Top of Provided material
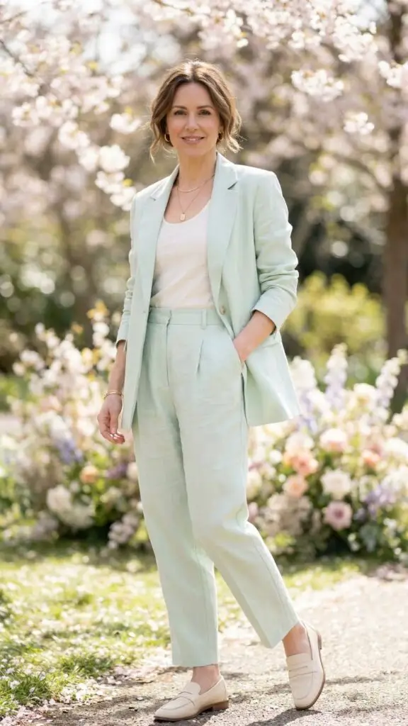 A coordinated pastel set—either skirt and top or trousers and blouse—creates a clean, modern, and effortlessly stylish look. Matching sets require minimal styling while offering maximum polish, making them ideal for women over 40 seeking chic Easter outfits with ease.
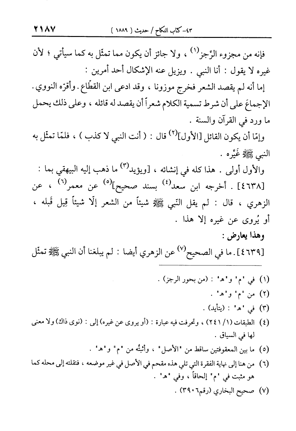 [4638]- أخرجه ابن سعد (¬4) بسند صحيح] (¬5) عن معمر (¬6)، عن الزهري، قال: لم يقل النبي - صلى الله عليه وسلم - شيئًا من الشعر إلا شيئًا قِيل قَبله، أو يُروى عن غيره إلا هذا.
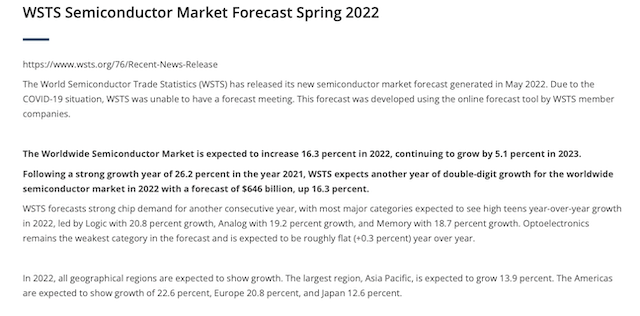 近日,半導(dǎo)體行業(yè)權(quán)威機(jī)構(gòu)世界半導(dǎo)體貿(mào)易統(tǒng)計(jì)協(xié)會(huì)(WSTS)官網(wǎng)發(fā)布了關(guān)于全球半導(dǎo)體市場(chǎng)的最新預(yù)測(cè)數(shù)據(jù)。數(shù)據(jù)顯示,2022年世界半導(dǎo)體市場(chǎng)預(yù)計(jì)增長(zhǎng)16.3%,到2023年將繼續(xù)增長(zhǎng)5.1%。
Bottom of Provided material
Task description:
Return the data word for word without its pictures.

Solution for this problem:
 A coordinated pastel set—either skirt and top or trousers and blouse—creates a clean, modern, and effortlessly stylish look. Matching sets require minimal styling while offering maximum polish, making them ideal for women over 40 seeking chic Easter outfits with ease.
 [4638]- أخرجه ابن سعد (¬4) بسند صحيح] (¬5) عن معمر (¬6)، عن الزهري، قال: لم يقل النبي - صلى الله عليه وسلم - شيئًا من الشعر إلا شيئًا قِيل قَبله، أو يُروى عن غيره إلا هذا.
 近日,半導(dǎo)體行業(yè)權(quán)威機(jī)構(gòu)世界半導(dǎo)體貿(mào)易統(tǒng)計(jì)協(xié)會(huì)(WSTS)官網(wǎng)發(fā)布了關(guān)于全球半導(dǎo)體市場(chǎng)的最新預(yù)測(cè)數(shù)據(jù)。數(shù)據(jù)顯示,2022年世界半導(dǎo)體市場(chǎng)預(yù)計(jì)增長(zhǎng)16.3%,到2023年將繼續(xù)增長(zhǎng)5.1%。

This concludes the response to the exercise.